Here is my logfile (with masked details):

# cat letsencrypt.log
2016-01-21 12:17:28,936:DEBUG:letsencrypt.cli:Root logging level set at 30
2016-01-21 12:17:28,936:INFO:letsencrypt.cli:Saving debug log to /var/log/letsencrypt/letsencrypt.log
2016-01-21 12:17:28,936:DEBUG:letsencrypt.cli:letsencrypt version: 0.2.0
2016-01-21 12:17:28,936:DEBUG:letsencrypt.cli:Arguments: []
2016-01-21 12:17:28,936:DEBUG:letsencrypt.cli:Discovered plugins: PluginsRegistry(PluginEntryPoint#apache,PluginEntryPoint#webroot,PluginEntryPoint#null,PluginEntryPoint#manual,PluginEntryPoint#standalone)
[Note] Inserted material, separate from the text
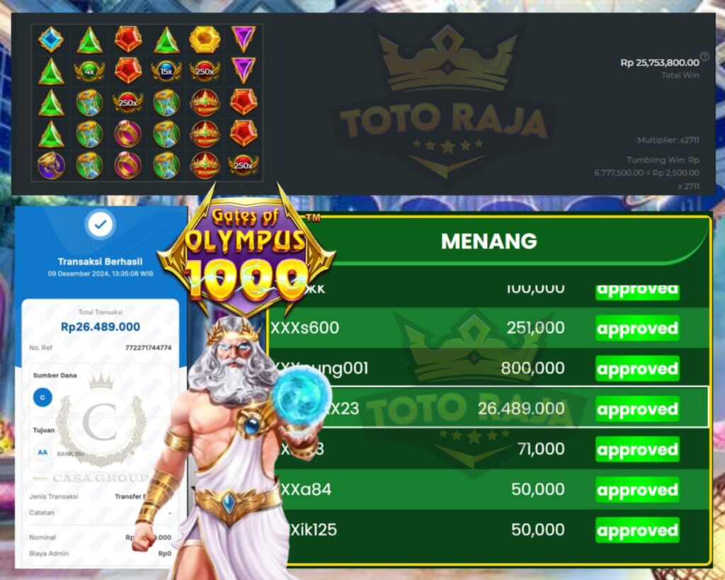Selamat kepada bosku yang bermain di TOTORAJA dengan user id XXXXXXX23 yang telah mendapatkan kemenangan besar di game GATES OF OLYMPUS 1000 > PRAGMATIC SLOT

2016-01-21 12:17:28,939:DEBUG:letsencrypt.cli:Requested authenticator None and installer None
2016-01-21 12:17:29,321:DEBUG:letsencrypt.display.ops:Single candidate plugin: * apache
Description: Apache Web Server - Alpha
Interfaces: IAuthenticator, IInstaller, IPlugin
Entry point: apache = letsencrypt_apache.configurator:ApacheConfigurator
Initialized: <letsencrypt_apache.configurator.ApacheConfigurator object at 0x7f1b6a9a1410>
Prep: True
2016-01-21 12:17:29,321:DEBUG:letsencrypt.cli:Selected authenticator <letsencrypt_apache.configurator.ApacheConfigurator object at 0x7f1b6a9a1410> and installer <letsencrypt_apache.configurator.ApacheConfigurator object at 0x7f1b6a9a1410>
2016-01-21 12:17:31,448:DEBUG:letsencrypt.cli:Picked account: <Account(--MASKED--)>
2016-01-21 12:17:31,448:DEBUG:root:Sending GET request to https://acme-v01.api.letsencrypt.org/directory. args: (), kwargs: {}
2016-01-21 12:17:31,452:INFO:requests.packages.urllib3.connectionpool:Starting new HTTPS connection (1): acme-v01.api.letsencrypt.org
2016-01-21 12:17:31,701:DEBUG:requests.packages.urllib3.connectionpool:"GET /directory HTTP/1.1" 200 263
2016-01-21 12:17:31,703:DEBUG:root:Received <Response [200]>. Headers: {'Content-Length': '263', 'Strict-Transport-Security': 'max-age=604800', 'Server': 'nginx', 'Connection': 'keep-alive', 'Date': 'Thu, 21 Jan 2016 12:17:28 GMT', 'X-Frame-Options': 'DENY', 'Content-Type': 'application/json', 'Replay-Nonce': '--MASKED--'}. Content: '{"new-authz":"https://acme-v01.api.letsencrypt.org/acme/new-authz","new-cert":"https://acme-v01.api.letsencrypt.org/acme/new-cert","new-reg":"https://acme-v01.api.letsencrypt.org/acme/new-reg","revoke-cert":"https://acme-v01.api.letsencrypt.org/acme/revoke-cert"}'
2016-01-21 12:17:31,704:DEBUG:acme.client:Received response <Response [200]> (headers: {'Content-Length': '263', 'Strict-Transport-Security': 'max-age=604800', 'Server': 'nginx', 'Connection': 'keep-alive', 'Date': 'Thu, 21 Jan 2016 12:17:28 GMT', 'X-Frame-Options': 'DENY', 'Content-Type': 'application/json', 'Replay-Nonce': '--MASKED--'}): '{"new-authz":"https://acme-v01.api.letsencrypt.org/acme/new-authz","new-cert":"https://acme-v01.api.letsencrypt.org/acme/new-cert","new-reg":"https://acme-v01.api.letsencrypt.org/acme/new-reg","revoke-cert":"https://acme-v01.api.letsencrypt.org/acme/revoke-cert"}'
2016-01-21 12:17:31,860:INFO:letsencrypt.crypto_util:Generating key (2048 bits): /etc/letsencrypt/keys/0017_key-letsencrypt.pem
2016-01-21 12:17:31,863:INFO:letsencrypt.crypto_util:Creating CSR: /etc/letsencrypt/csr/0017_csr-letsencrypt.pem
2016-01-21 12:17:31,863:DEBUG:letsencrypt.client:CSR: CSR(file='/etc/letsencrypt/csr/0017_csr-letsencrypt.pem', data='--MASKED--', form='der'), domains: ['--MASKED--']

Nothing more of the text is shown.